Picture: AirlineMeals.net
Delta Airlines advertise their meals in 1969
BA stopped serving meals in business and first class on selected overnight flights last year, with passengers able to dine in the premium lounges before flying.

For those unable to stump up the cash for first class, disposable roll mats are the latest innovation. Introduced by tour operator MyTravel, they unfold to reveal cold items such as cheese, biscuits and desserts and then double as a tablecloth.

A hot dish is still served but once the passenger has finished they simply clear away the debris into a "tidy bag" and hang it on the back of the seat in front for collection.

But airlines still have a way to go to tackle the poor image of in-flight food. Less than a fifth of people are "very satisfied" with the food on offer on airlines, according to a recent survey by Holiday Which?
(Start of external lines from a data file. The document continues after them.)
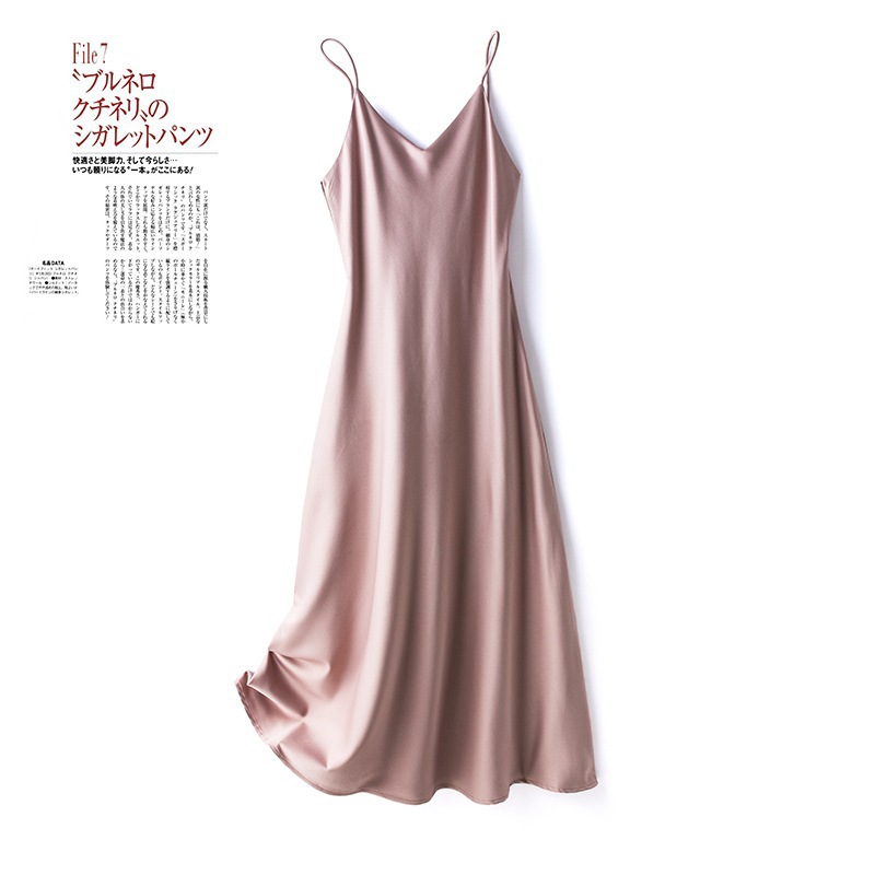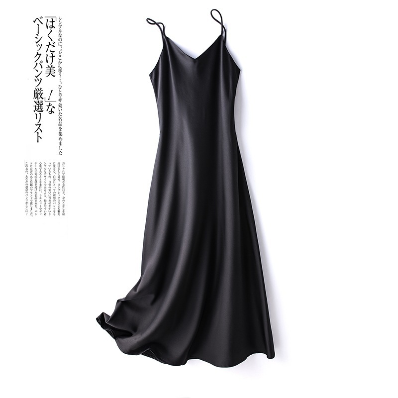 2024 봄과 여름 새로운 프랑스 아세테이트 새틴 섹시한 서스펜더 드레스 여성 중간 길이 솔리드 컬러 바닥 스커트
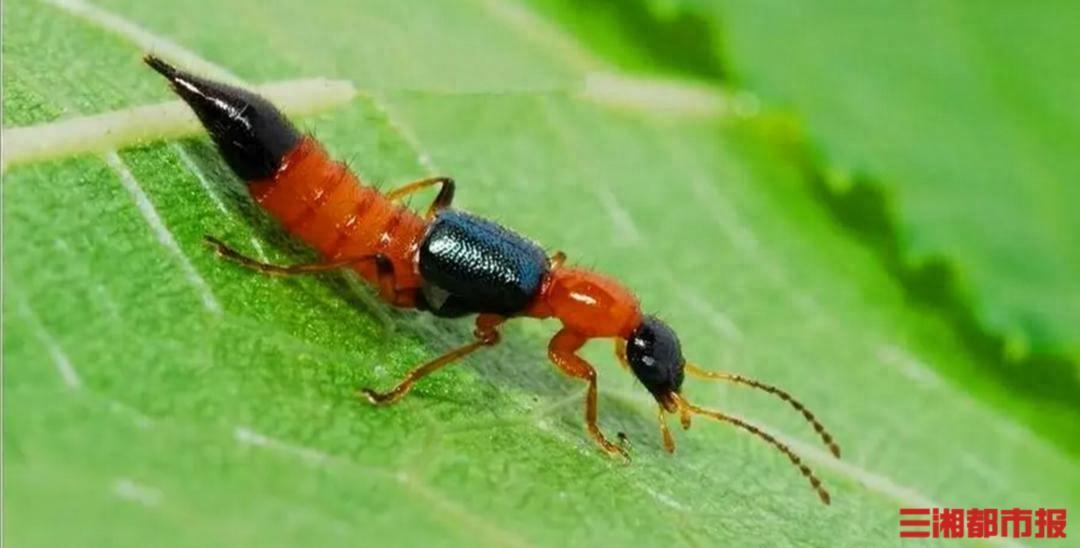 “5月至9月是隐翅虫的活跃期,喜欢夜间灯下活动飞行。被拍打或捏死后,体内分泌物释放出来,呈强酸性,会产生接触性皮炎。”湖南省胸科医院综合门诊部副主任、主任医师李升炉介绍,隐翅虫身体里能分泌毒液,腐蚀性很强,被称为“飞行的硫酸”。
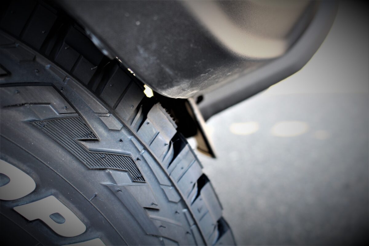 無骨な樹脂フェンダーいっぱいに広がるタイヤがステキ。

Some believe the meals will probably never improve.

"At 30,000 feet nothing is going to taste very good," says Simon Calder. "The meals haven't improved, the only thing that has changed is they've got smaller."
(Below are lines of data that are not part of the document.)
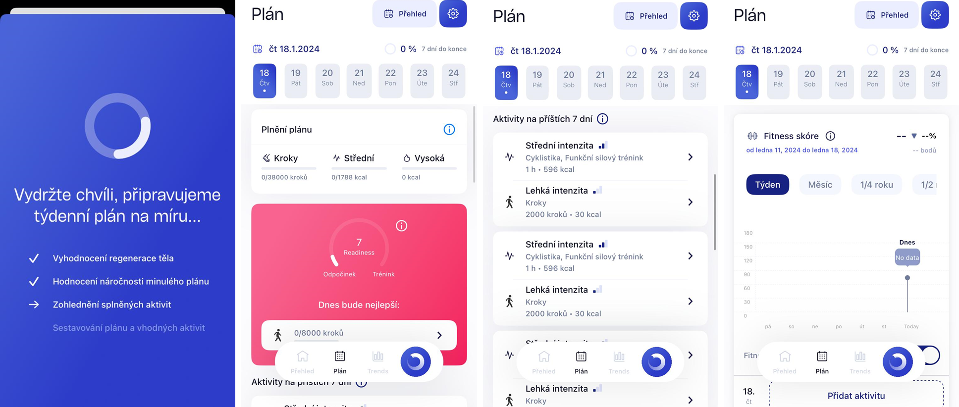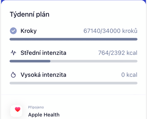 Plnění plánu, tj. jaké aktivity jste absolvovali - probíhá manuálně nebo synchronizací s Google Fit / Apple Health.
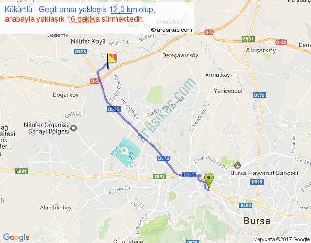 Kükürtlü - Geçit arası yaklaşık olarak 90 km/h ile yukarıda belirtilen sürede olup, iki yerin kuş uçuşu uzaklığı (mesafesi) 9'dir. Yolculuk otobüsle 20 dakika sürmektedir.
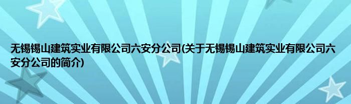 大家好,无锡锡山建筑实业有限公司六安分公司,关于无锡锡山建筑实业有限公司六安分公司的简介很多人还不知道,现在让我们一起来看看吧!
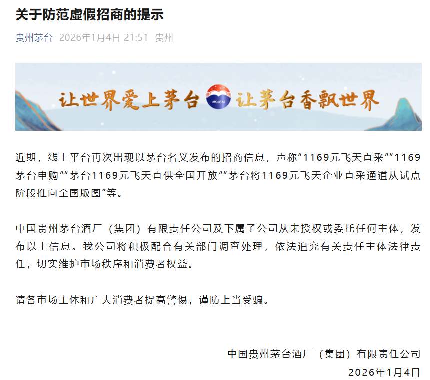 1月4日,“贵州茅台”微信公众号发布关于防范虚假招商的提示,内容如下:

In-flight meals are essential. They are an integral part of passing the hours on board an aircraft. The good meals one tends to forget but the bad ones stick in your mind. On one occasion from Tokyo to Taipei I found a mosquito implanted on top of the pudding. On other occasions I have found my meal delicately seasoned with the most exotic forms of human hair!!
James Metcalf, Mitcham, Surrey

The most memorable airline meal I ate was smoked arctic char on a flight out of the Canadian North. Like Mr. Danburg, I would have been happy to pay for that meal in a restaurant.
Michael Montcombroux, Inwood, Canada

My family lives in Hong Kong and I do fly there once or twice every year. For such a long haul flight I do find food and drink is quite important due to the fact that you are going to stay there for 12 hours! However, I wouldn't say no if they offer me a bigger seats and a laptop power socket (to keep myself entertain with my laptop!) instead of free food.
Sunny Chan, Southampton, UK

The no-frills airlines have it spot on; who even cares about eating on a plane? Apart from feeling slightly nauseous the whole process is uncomfortable and hardly satisfying. Keep them only for long haul flights and ask for shorter flights- have the passengers tried eating something in the airport before their flight?
Matt Page, Sheffield, England

I fly on at least 10 long haul flights per year and if I had to choose between an airline with food and one without, I would always choose the one with. It's not that I'm desperate to eat when I fly, just that 10 hours on a plane is incredibly dull (no matter how good the in flight entertainment) and a meal provides a welcome distraction. I agree with one thing in the report - Singapore Air provide the best meals, indeed the best of everything.
Paul Johnson, seoul, South Korea

I just want to clarify that it doesn't matter whether one is at ground level or at 30,000 feet when it comes to ingesting warmish spiced cardboard taken from a Styrofoam container. I know the difference and bring my own sammies when travelling instead.
dickie, NY USA

I am one of the 20% of people who are very satisfied with in-flight food - I love it! I always look forward to it coming round, I always enjoy all of it, and I find that even though it's really small, I always feel full afterwards. I think they do a great job in supplying us all with hot meals at 30,000 feet.
Julie Blance, Chester, UK

I'm a huge fan of airline food. I love the ingenuity that goes into making a dish edible and appealing inside a small box. I always view the meal as a surprise waiting to happen and get quite excited when it is delivered. I think the bad reputation is definitely not deserved.
Jeremy Hartley, Cheddar, Somerset

12.00? I'd love to know how... Other than the heating method (which in cheap national restaurant chains is all done with microwaves) how can serving food in the air be different from a chain restaurant serving up microwave-ready food for 2 or 3 a dish?
Mike Gulliver, Bristol

Some years ago I used to fly on a monthly basis over a period of many years. The airline food was always a highlight of my flight and I would make pains to be gracious to the cabin staff so that if there were any meals left over I might have seconds.